Consumer electronics and semiconductors operate on fundamentally different business models:
Consumer Electronics: Retailer-focused, emphasizing consumer needs and aesthetics
Semiconductors: System company-oriented, prioritizing quality and cost-performance
FThis strategy put TI in direct competition with its own customers. In some cases, like with Canon, TI was the sole supplier. J. Fred Bucy(President and CEO) attempted to prioritize the consumer electronics division's production capacity, but Dr. Chang resisted. The internal dynamics became increasingly dysfunctional. TI's IC division was now required to satisfy the consumer electronics division before serving external customers. In contrast, companies like Intel could focus solely on optimizing microprocessors.
Questionable Expansion
In the mid-1970s, Bucy built a foundry in Lubbock, Texas, driven more by personal nostalgia (his hometown) than strategic considerations. The location made it challenging to attract talent.
Notable Trivia:
By 1974, TI was already using internal email.
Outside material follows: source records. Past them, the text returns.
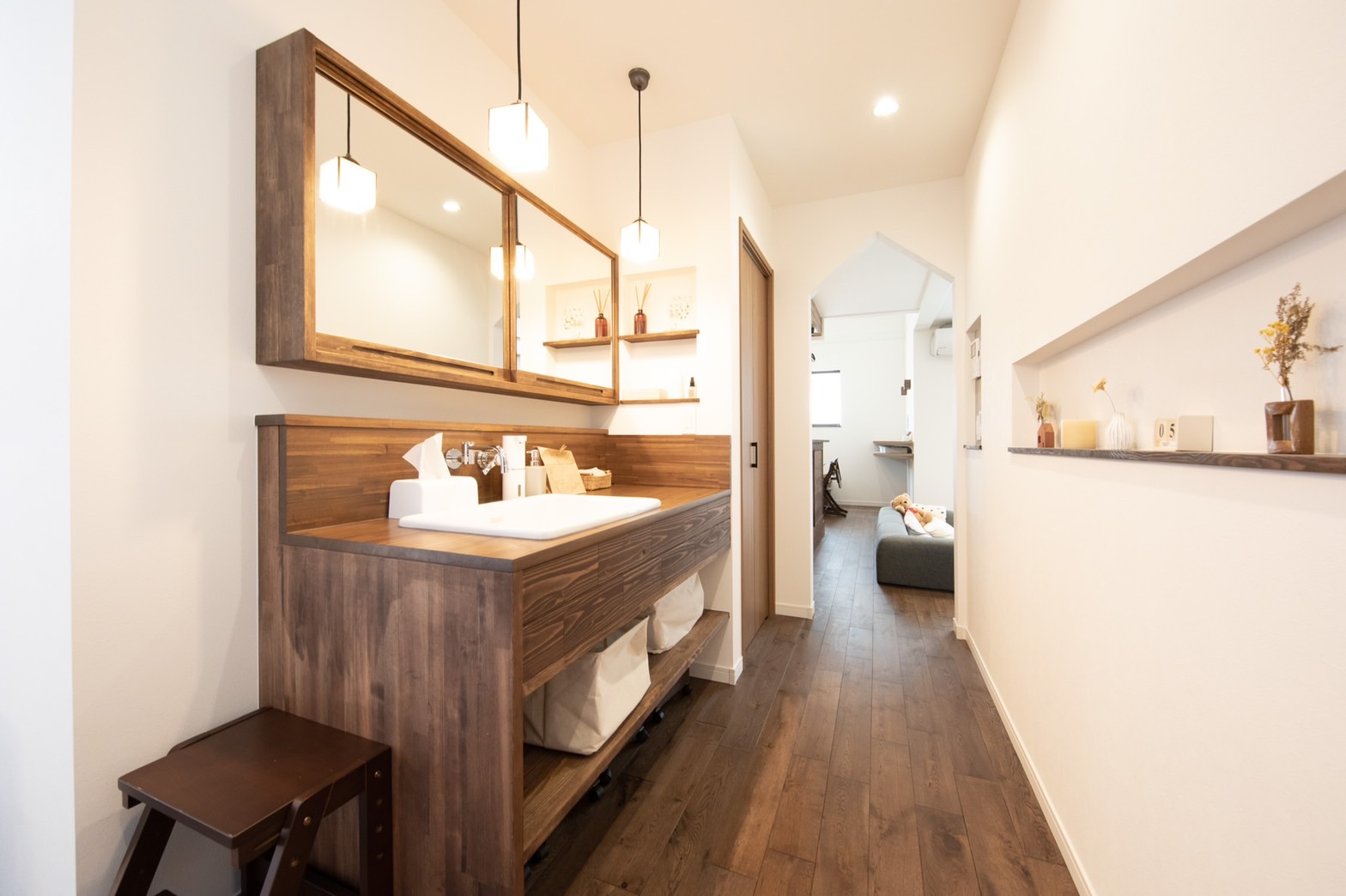 こだわりの手洗いや対面キッチンなど、木をふんだんに使った古民家風の可愛らしい意匠も魅力的です。
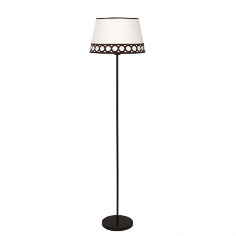 Lampada da terra serie Dalia in colore beige/marrone. È realizzato in metallo e materiale tessile, con bordo decorativo con motivi circolari. La famiglia può essere completata con la lampada a sospensione, da tavolo e a tre e due luci. Ha un portalampada E27.
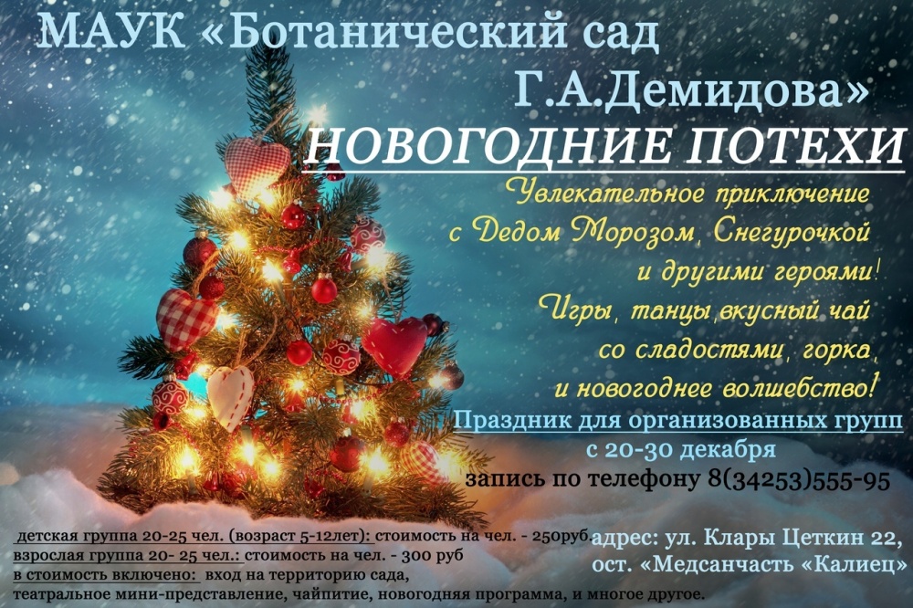 С 20 по 30 декабря 2018 на территории Ботанического сада проводятся «Новогодние потехи» — праздник для организованных групп.

The company occasionally implemented "mass vacations" where the entire staff would take approximately two weeks off.
Business relationship with other companies
Phillips
In 1985, Phillips invested in TSMC when other major tech companies(Intel, TI, Motorola, Panasonic, Sony, AMD, Thomson, DEC) declined. Their decision was decided by two key factors:
1985 was a challenging year for semiconductors, with negative 16% growth. Phillips had other lines of business to soften the impact.
Phillips already had existing assembly lines in Taiwan and was looking to expand into lighting and passive component production.
Investment Outcome:
Initial stake: 27.5%
Full exit: August 2008
Total return: 134.6 times (26.34% Compound Annual Growth Rate)
TSMC continued to grow 19.1 times post-Phillips' exit (20.17% CAGR)
Intel
Intel placed significant orders during TSMC’s second year, helping establish production standards like statistical process control, quality control and preventive maintenance.
Nvidia
In 1997, Nvidia’s Jensen Huang reached out directly to Dr. Chang after facing neglect from TSMC’s San Jose office.
In 1998, TSMC sent managers to assist Nvidia with resource planning. In 2013, Dr. Chang even offered Huang the CEO position at TSMC. At that time TSMC's market cap was 10x of Nvidia.
Qualcomm
Qualcomm moved from IBM’s fabs to TSMC due to IBM’s arrogance, a problem TSMC avoided through its customer-first approach.
Apple
Apple in 2010 began exploring a partnership with TSMC.
Its relationship with Samsung was inherently complicated: Samsung simultaneously supplied critical components to Apple (displays, memory, chips) while competing directly with Apple through its own device lineup. Since 2007, Dr. Chang anticipated Apple would eventually partner with TSMC.
Apple first approached Intel, but Intel was unwilling to sacrifice margin and service was subpar.
Goldman’s MBO Proposal in 2007
Proposed by Hsueh-Jen Sung, who was also key to TSMC's Taiwan and Nasdaq IPOs.
However TSMC’s capital expenditure and R&D expenses are too high and it will have difficulties in financing as a private company. There is also a potential loss of control.
After one month of consideration, he rejected the proposal.